À l’occasion du premier anniversaire de la « Révolution progressiste populaire », le président burkinabè Ibrahim Traoré a accordé un entretien à plusieurs médias africains et internationaux. Les échanges ont porté sur la situation sécuritaire, la gouvernance, les relations régionales et les récents événements politiques.
Sur le plan sécuritaire, le chef de l’État a évoqué des avancées sur le terrain. Il a mis en avant les opérations menées par les forces engagées contre les groupes armés, ainsi que la réinstallation progressive de populations déplacées. Selon lui, ces évolutions traduisent une amélioration de la situation et laissent entrevoir une perspective de stabilisation.
La charte de la Révolution, récemment validée par le Parlement, a également été abordée. Ce texte ouvre notamment la possibilité pour le président de se présenter à une future élection. Toutefois, la priorité n’a pas été accordée à l’organisation rapide d’un scrutin. Le capitaine a estimé que le contexte actuel ne se prête pas à un retour immédiat aux mécanismes démocratiques classiques, qu’il considère comme potentiellement déstabilisateurs dans certaines configurations régionales.
L’entretien est aussi revenu sur la tentative de coup d’État survenue en janvier 2026. Selon les autorités, les investigations ont révélé des ramifications extérieures et l’implication présumée d’acteurs étrangers. Ce dossier a été présenté comme complexe, avec des risques importants évoqués en cas de déstabilisation.

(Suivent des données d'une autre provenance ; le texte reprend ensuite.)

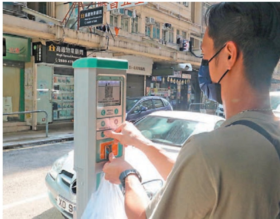
●香港文匯報記者發現小區內的咪錶車位並非想像中「一位難求」。

遭兩非法代客泊車集團長期霸佔的咪錶車位，全部位於油麻地文咸街至文匯街舊區，八座「文」字頭、俗稱「八文樓」的樓宇一帶街道。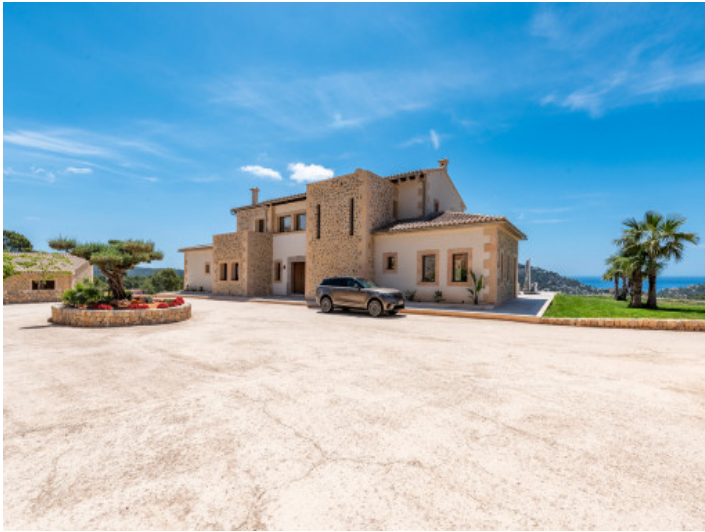
Außenansicht der Villa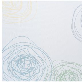
NAHIA TURQUOISE 53 Motif d'impression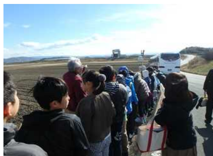
遊水地見学のようす①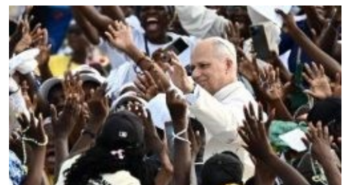
Ngày 19/04/2026, ngày thứ 2 tại Angola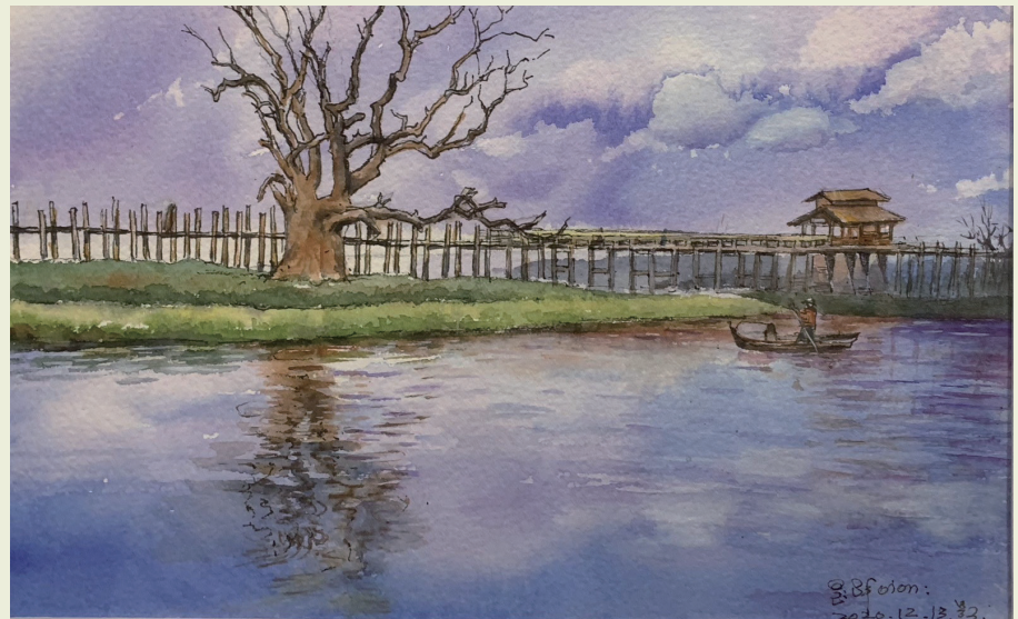
有百年歷史的吳本橋是由緬甸柚木搭建而成的瓦城光觀勝地地標之一。

Sur le plan régional, des tensions ont été mentionnées avec certains pays voisins, susceptibles de compliquer la coopération sécuritaire. Un incident survenu dans une zone frontalière avec la Côte d’Ivoire a été évoqué pour montrer à quel point les équilibres sont fragiles dans ces espaces sensibles.
En réponse à la tentative de putsch, des réajustements ont été opérés au sein de l’appareil sécuritaire, avec des mesures disciplinaires afin de renforcer la chaîne de commandement et de prévenir d’éventuelles menaces internes.
Enfin, sur la scène internationale, l’accent a été mis sur la nécessité de partenariats jugés efficaces dans la lutte contre le terrorisme. Le président a toutefois déploré certaines difficultés de coordination avec des partenaires régionaux, considérées comme un frein aux efforts collectifs pour rétablir la sécurité.